(Exercise goal)
Print the data once more, exactly as given. Drop the pictures.

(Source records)
____________________
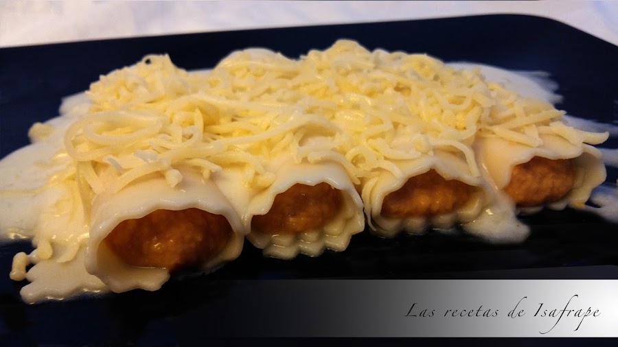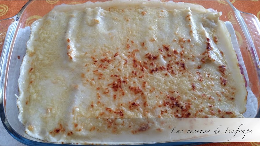 Pasados unos minutos y removiendo con frecuencia la probamos, y si no sabe a harina cruda la volcamos sobre la bandeja con los canelones. Espolvoreamos queso al gusto y horneamos hasta que tenga el punto de gratinado deseado.
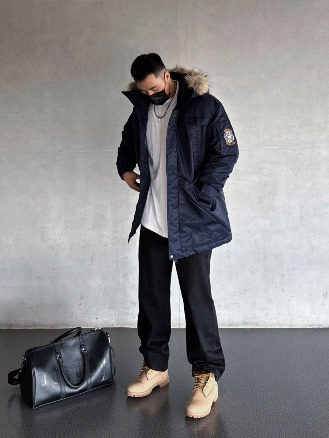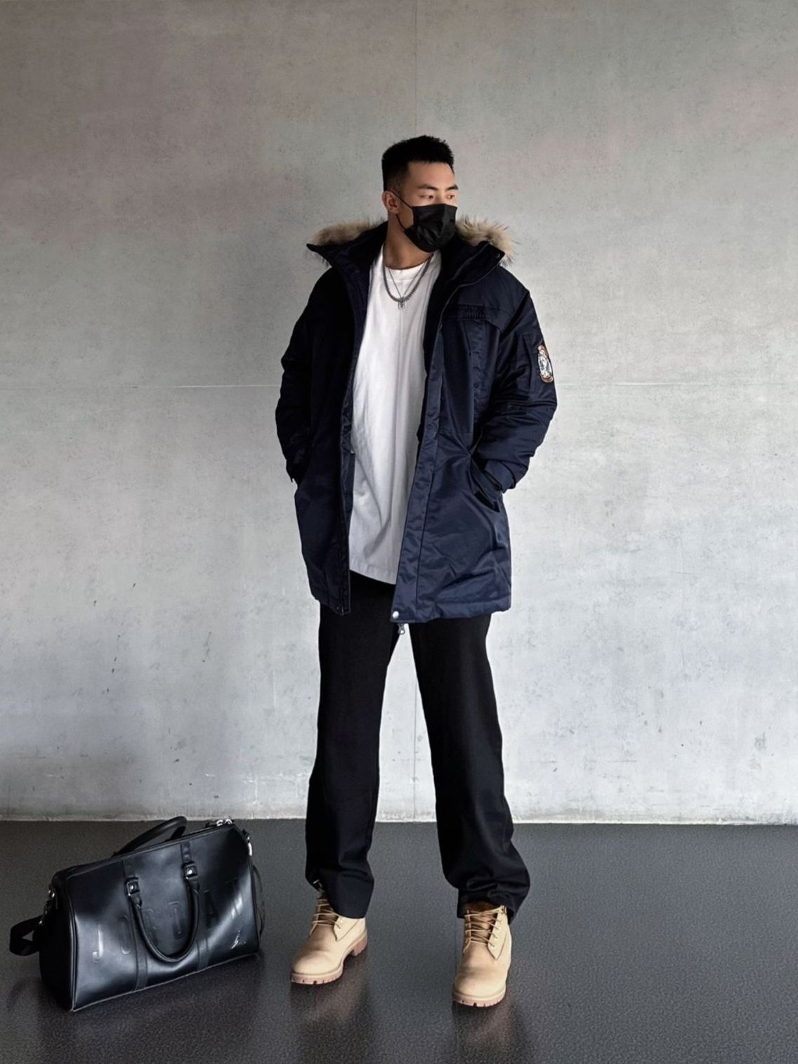 上身男装毛领工装羽绒服,中长款版型保暖性很ok 有志者uzis美式复古直简工装裤,洗水的工装帆布面料上身很挺括有质感 口袋处的同色刺绣简约不失设计感,整体宽松的版型对身材包容度很ok,运动穿也无压力 图源网络侵删
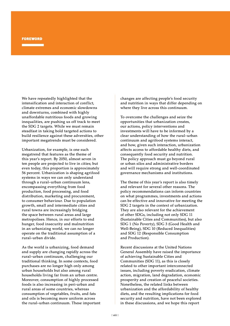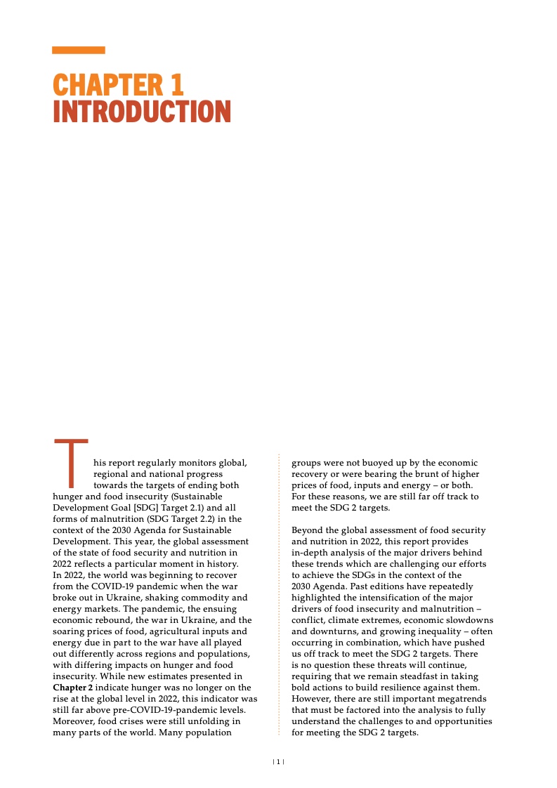 到 2030 年,全世界预计有近 6 亿 人长期食物不足。由于疫情和乌克兰 战争,将有约 1.19 亿人陷入这种困 境,其中因乌克兰战争,将有约 2300 万人处于长期食物不足状况。因此, 全世界在实现可持续发展目标关于消 除饥饿的具体目标方面挑战巨大,其 中非洲的形势尤其严峻。
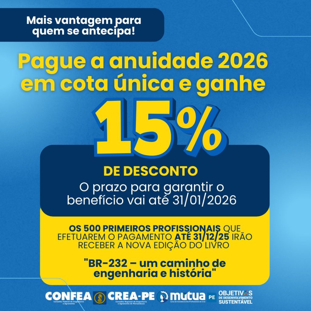 Pagamento antecipado garante desconto de 15% na anuidade 2026 Leia mais »
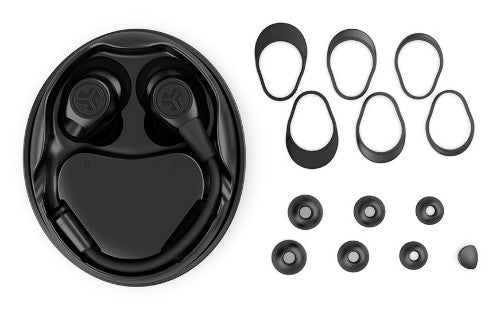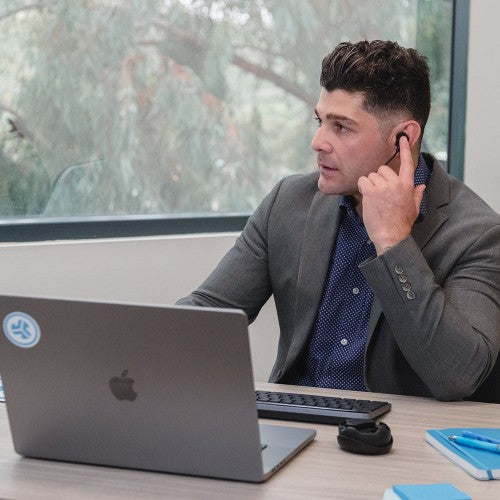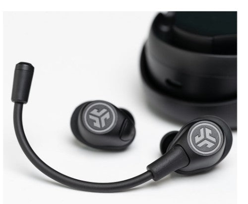 True wireless for life on the job.Meet the ultimate solution for the working professional: JLab Work Buds in-ear headset. With 55+ hours of total playtime, you'll have more than enough juice for all your conferences, calls and more. Say goodbye to muffled calls and hello to crystal clear communication with the detachable noise-canceling boom mic that fits either earbud. And, you'll never have to dig through your bag for your earbuds again thanks to the convenient USB-C charging dock that keeps everything organized and charged. Plus, with Bluetooth Multipoint technology and the JLab App, you can switch between devices and customize your sound to your heart's desire.
____________________
(Task solution)
 Pasados unos minutos y removiendo con frecuencia la probamos, y si no sabe a harina cruda la volcamos sobre la bandeja con los canelones. Espolvoreamos queso al gusto y horneamos hasta que tenga el punto de gratinado deseado.
 上身男装毛领工装羽绒服,中长款版型保暖性很ok 有志者uzis美式复古直简工装裤,洗水的工装帆布面料上身很挺括有质感 口袋处的同色刺绣简约不失设计感,整体宽松的版型对身材包容度很ok,运动穿也无压力 图源网络侵删
 到 2030 年,全世界预计有近 6 亿 人长期食物不足。由于疫情和乌克兰 战争,将有约 1.19 亿人陷入这种困 境,其中因乌克兰战争,将有约 2300 万人处于长期食物不足状况。因此, 全世界在实现可持续发展目标关于消 除饥饿的具体目标方面挑战巨大,其 中非洲的形势尤其严峻。
 Pagamento antecipado garante desconto de 15% na anuidade 2026 Leia mais »
 True wireless for life on the job.Meet the ultimate solution for the working professional: JLab Work Buds in-ear headset. With 55+ hours of total playtime, you'll have more than enough juice for all your conferences, calls and more. Say goodbye to muffled calls and hello to crystal clear communication with the detachable noise-canceling boom mic that fits either earbud. And, you'll never have to dig through your bag for your earbuds again thanks to the convenient USB-C charging dock that keeps everything organized and charged. Plus, with Bluetooth Multipoint technology and the JLab App, you can switch between devices and customize your sound to your heart's desire.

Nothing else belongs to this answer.